Assigned task: With the pictures removed, write out the data below exactly.

Recorded information:
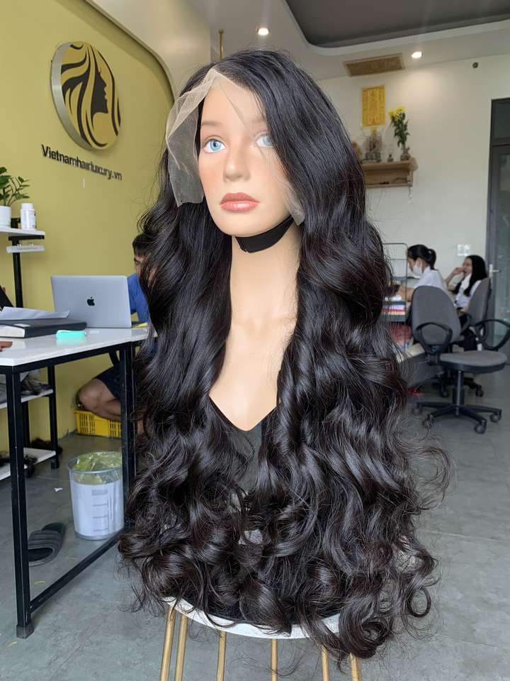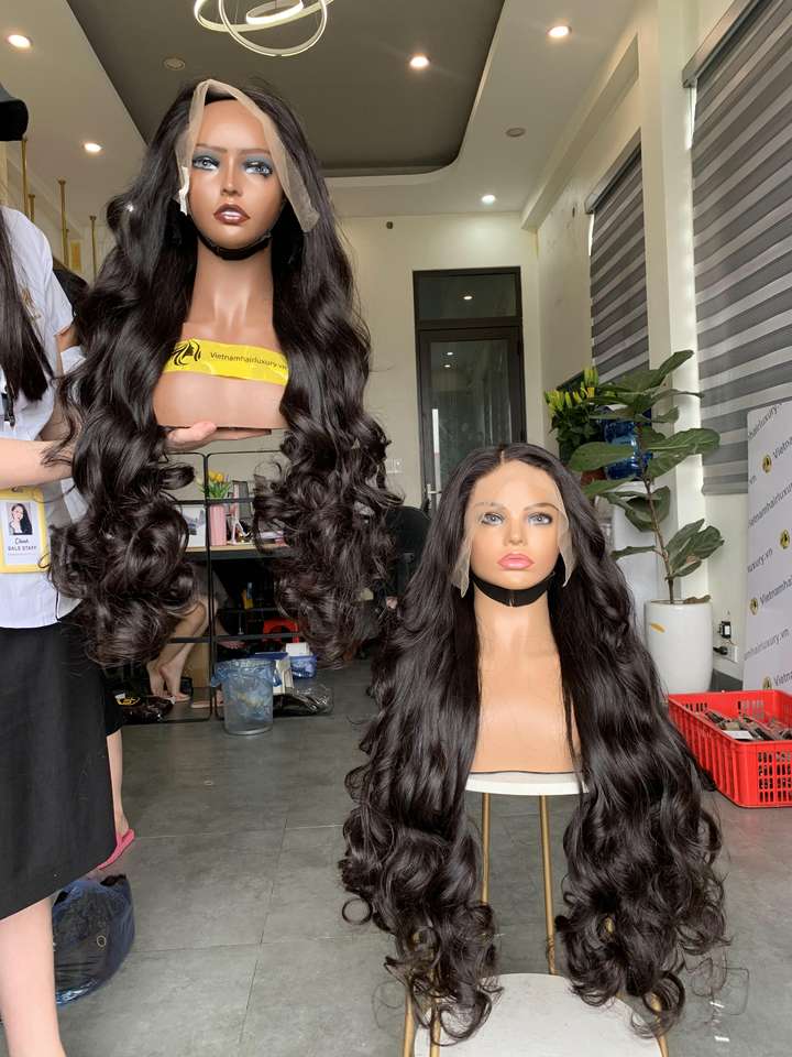 Precio al por Mayor de Extensiones de Cabello Humano Virgen Vietnamita, Sin Enredos ni Caída, Pelucas con Flequillo Ondulado, Cabello Remy
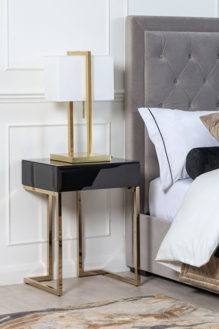 An elegantly proportioned bedside table. Toughened glass top with beveled edges and concealed drawer, making this suitable for use as a living room side table
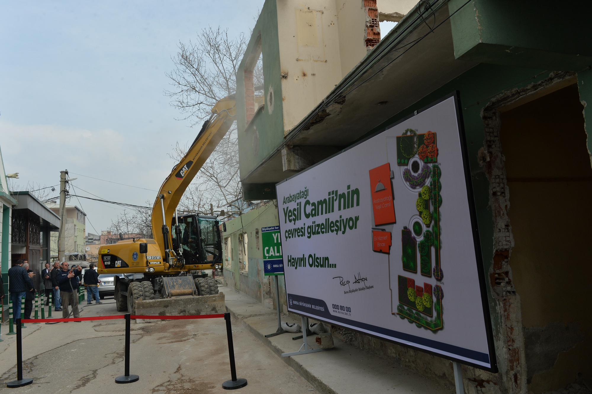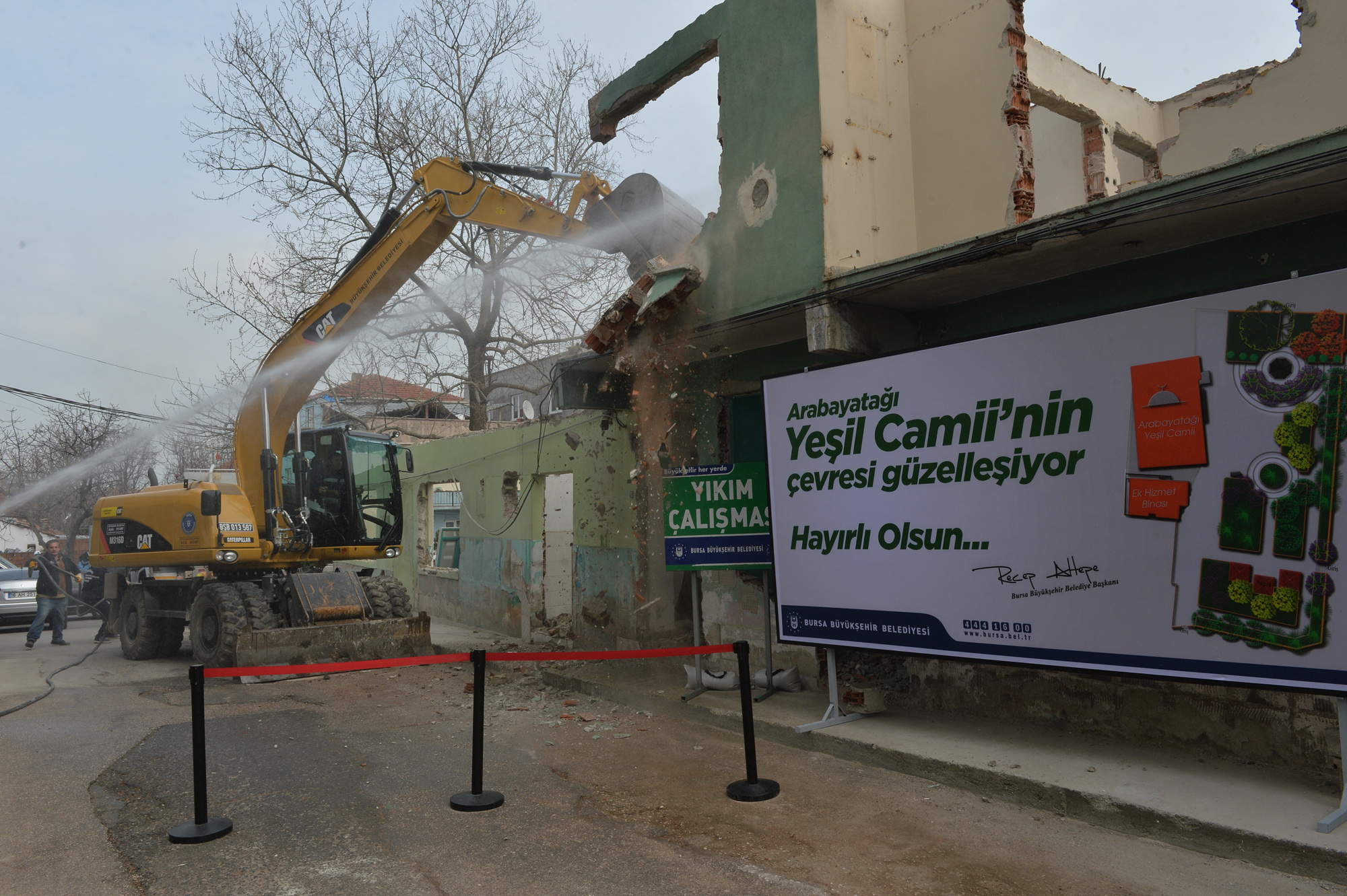 - BURSA’NIN EN ESKİ MAHALLELERİNDEN ARABAYATAĞI’NA MODERN BİR MEYDAN KAZANDIRMAK İÇİN ÇALIŞMALARA 5 YIL ÖNCE BAŞLAYAN BÜYÜKŞEHİR BELEDİYESİ YEŞİL CAMİ EK HİZMET BİNASINI HİZMETE AÇTI, ARDINDAN PROJE ALANI ÜZERİNDE YER ALAN BİNALARIN YIKIMINI BAŞLATTI.

Task answer:
 Precio al por Mayor de Extensiones de Cabello Humano Virgen Vietnamita, Sin Enredos ni Caída, Pelucas con Flequillo Ondulado, Cabello Remy
 An elegantly proportioned bedside table. Toughened glass top with beveled edges and concealed drawer, making this suitable for use as a living room side table
 - BURSA’NIN EN ESKİ MAHALLELERİNDEN ARABAYATAĞI’NA MODERN BİR MEYDAN KAZANDIRMAK İÇİN ÇALIŞMALARA 5 YIL ÖNCE BAŞLAYAN BÜYÜKŞEHİR BELEDİYESİ YEŞİL CAMİ EK HİZMET BİNASINI HİZMETE AÇTI, ARDINDAN PROJE ALANI ÜZERİNDE YER ALAN BİNALARIN YIKIMINI BAŞLATTI.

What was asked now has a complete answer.